- Hamilton Location within Clinton County, Indiana
- Coordinates: 40°20′41″N 86°37′05″W﻿ / ﻿40.34472°N 86.61806°W
- Country: United States
- State: Indiana
- County: Clinton
- Township: Madison
- Founded: 1839
- Named after: Alexander Hamilton
- Elevation: 807 ft (246 m)
- ZIP code: 46058
- FIPS code: 18-30582
- GNIS feature ID: 435637

= Hamilton, Clinton County, Indiana =

Hamilton is an unincorporated community in Madison Township, Clinton County, Indiana. The town is named for Alexander Hamilton.

==History==
The western portion of the land on which Hamilton stands was settled by Jacob Stetler in late 1829 or 1830, and the eastern part by John Gallinger in 1831, the two being separated by what is now Hamilton Road (near its intersection with what would become State Road 38). According to a 1913 history of Clinton County, "tradition has it that these two men met under the shade of a tree, near where the two highways cross, on a Sunday and agreed to join in layout out the town plat, which agreement was thereafter carried to execution..." The plat, surveyed March 21, 1839 and recorded April 19, 1839, included 36 lots each on the east and west sides of the road; additional lots were added June 30, 1842.

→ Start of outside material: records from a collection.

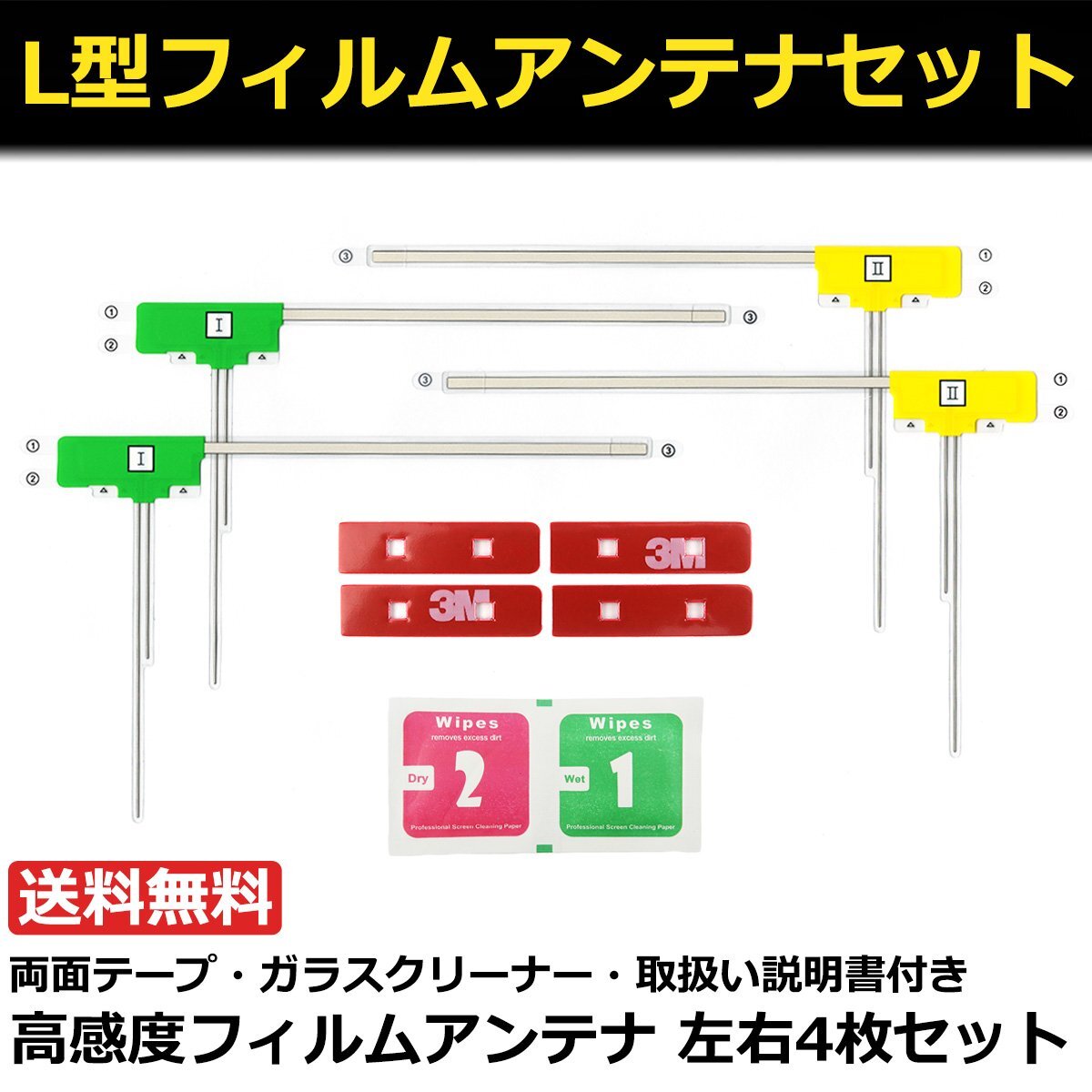 セット内容 | ■フィルムアンテナ左用x2枚、フィルムアンテナ右用x2枚 ■地デジアンテナコード端子用両面テープx4枚 ■ガラスクリーナーx2枚 ■取り付け説明書x1枚 |
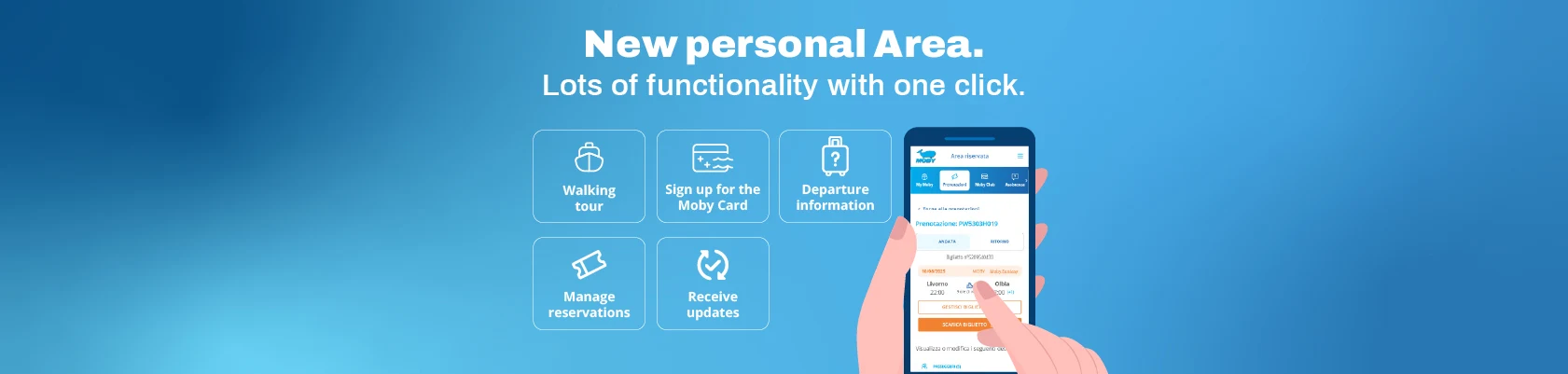From today, Moby offers its passengers the best way to ’navigate" the official website mobylines.com by providing a new personal area that revolutionises the way you manage your tickets. Just as Moby Fantasy and Moby Legacy, the two flagships operating between Livorno and Olbia, have revolutionised the way you travel by ferry. This is because the two ships offer their passengers cruise standards. The project is based on the latest cloud technologies, and users can rely on the security of their data and personal information. After registering in the private area at mobylines.de, users can access a range of functions that guarantee them full autonomy and transparency in the management of their journey. In particular, after logging in to their private area, passengers can automatically view all the bookings they have made and manage them in the best possible way and completely independently. It will therefore be possible to consult detailed information about the journey at any time (timetables, duration of the crossing, name of the ship, port of embarkation and all the details of the crossing); receive real-time updates and notifications of any changes (delays, forecasts, changes) and thus optimise time; view and print their tickets at any time; change or cancel their booking independently and register for the Moby Card programme, which allows them to collect loyalty points, check their account balance and create personalised vouchers. With this initiative, Moby once again reaffirms its commitment to offering a service that is ever closer to the needs of its passengers, focussing on innovation, simplicity, transparency and data security. With Moby, the holiday begins with the journey. And from today, it starts with the management of the ticket in the private area of each passenger at www.mobylines.com.Login or Register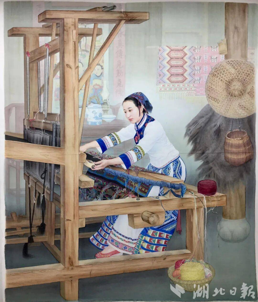 除了新创作品外,展览还通过邀约、征集、遴选了一批精品力作。周韶华的中国画《不尽长江万古流》、李乃蔚的中国画《土家织女》、谢晓红的中国画《古琴台》、方正的中国画《大地》、王志新和胡新桥的版画《红色工运在武汉·纪念京汉铁路大罢工100周年》等,从不同角度讴歌“知音湖北”的别样风采。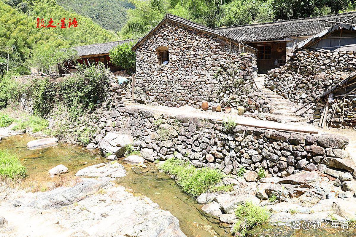 继续徒步前行,隐秘的山岙中还有人家,小地名叫落塘,成排的石墙房屋,原始而沧桑,恍若时空倒流。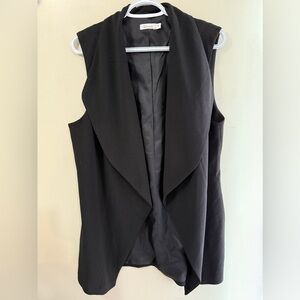 Stylish black sleeveless vest with a draped front. Perfect for layering.

The first house in Hamilton was built by John Jamison, a saddler, who also ran a small shop. Later stores were operated by Waldron Drew, Mr. Frankenfield, and many others. Harvey Blacklidge operated the first blacksmith shop and was succeeded by Samuel Hammel who occupied the position of village blacksmith for many years. One of the most prominent people in Mulberry's early history was the village physician Dr. John Connor, "a very large, fleshy man, weighing perhaps three hundred pounds, though not tall. Seated on his two-wheeled cart and drawn by a fine sorrel horse, he was a familiar figure to all of the people living within several miles of the village." Other prominent early citizens included cobbler Alfred Cornelison, who being disabled and unable to walk drove a dog team, James McDavis, Joseph Miller, Hamilton Yundt, Joseph Rex, Jonas Hammel, Jesse Sweet, Joseph Kauffman and William Sense.

Hamilton reached a population of more than a hundred and was an active business center for the community, but it was eclipsed by nearby Mulberry which had the only railroad station in the township, and gradually dwindled during the late 19th and early 20th centuries. It now consists of about a dozen homes.